Jasper took quite a few steps backward and it is hard to deal with for us. We know we have to be patient. It was a big surgery and kids with Batten are even more vulnerable and fragile.

He became basically bedridden and tube fed. “Luckily” we had the g-tube and could start to work out how that would work out best for him.

December 16, we went back to the hospital for a new evaluation that was part of the protocol. And of course to discuss the situation. The stitches were also removed from his head and that looked all good.

After a break of a few days, we went back into the hospital for the last time on December 20th. Jasper got hooked up for another 24 hour EEG, bloodwork and neurological assessment. The twitch had become slightly less.

After being released on the 21^st we went to the airport where we waited for our flight back to Chicago. The weather in NYC was fine but in Chicago the weather conditions were less favorable so we have some delay.  Eventually, we get boarded and we depart from NYC. Jasper cried a lot but eventually he became so exhausted that he fell asleep and slept for the entire duration of the flight.

When we arrived in Chicago, it was bitterly cold compared to NYC but we couldn’t care less! Never ever were we so delighted to be back home after spending more than 3 weeks between hospital and hotel!

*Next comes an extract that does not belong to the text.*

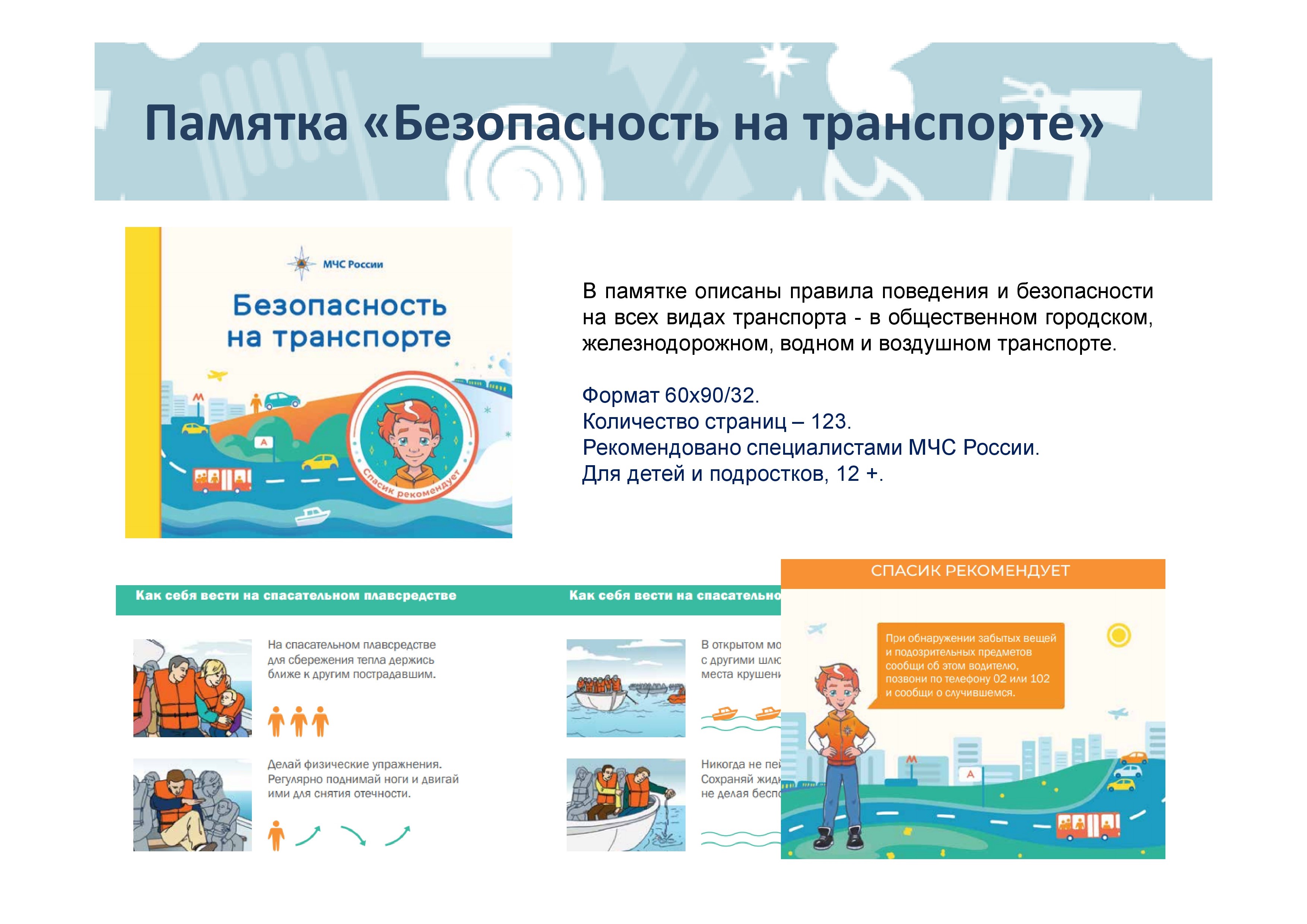 «Спасик рекомендует»Федеральным автономным учреждением "Информационный центр общероссийской комплексной системы информирования и оповещения населения в местах массового пребывания людей" при поддержке МЧС России разработана серия детских памяток "Спасик рекомендует" по темам "Пожарная безопасность", "Безопасность на транспорте", "Безопасность на водных объектах" |

In the mean time we’re back home for well over 2 weeks. We have much more experience with the tube feeding schedule and mechanics and the meds have been tweaked a few times. In the last few days  Jasper is certainly better than a couple of weeks ago. He seems to be more cognizant and awake, smiles and laughs sometimes and seems to enjoy watching his favorite movies. However, it is still a far cry from his pre surgery baseline.  He still cannot eat by himself, is wheelchair/ stroller bound and the twitch comes and goes (although it has become of a milder nature). We can only hope that sufficient rest, proper feeding and being back in his old rhythm will slowly bring him back to his old base level in the course of 2011.

In the mean time  the correct piece of dna has been applied to the brain cells that have been affected by the disease. Hence the production of the missing enzyme will now start in his brain. Jasper is the second kid that got this treatment this time around. So there is little or no information available concerning the further progression of the disease.

Since just a few days ago, Jasper is starting to say a few words and his neck and trunk muscles seem to get stronger every day. He is now (1/8/11) able to sit on his knees with heavy assistance and with his head up. He can put his thumb in his mouth without help and suck it really well.  He also started to say “hello daar (there)” which is a combination of English and Dutch. It came out of nowhere and he has repeated it a lot. So positive things are definitely happening.

The show must go on, so we move forward with our JAB organization to continue to find a near-term treatment for Batten. In the Netherlands,  the organization of a wine tasting event is in progress.  Here in Chicago, we have a fundraising coming up in honor of Jasper’s 6^th birthday that will be supported by The Chicago Bulls Organization.  We also are looking at new research opportunities that we would like to fund to follow up on the promising results of our first study at the University of North Carolina. There is still a lot of work to do!

We want to thank everyone for your support in 2010!  It has meant so, so much! We hope that you keep on supporting our cause and we wish you all a healthy and happy 2011!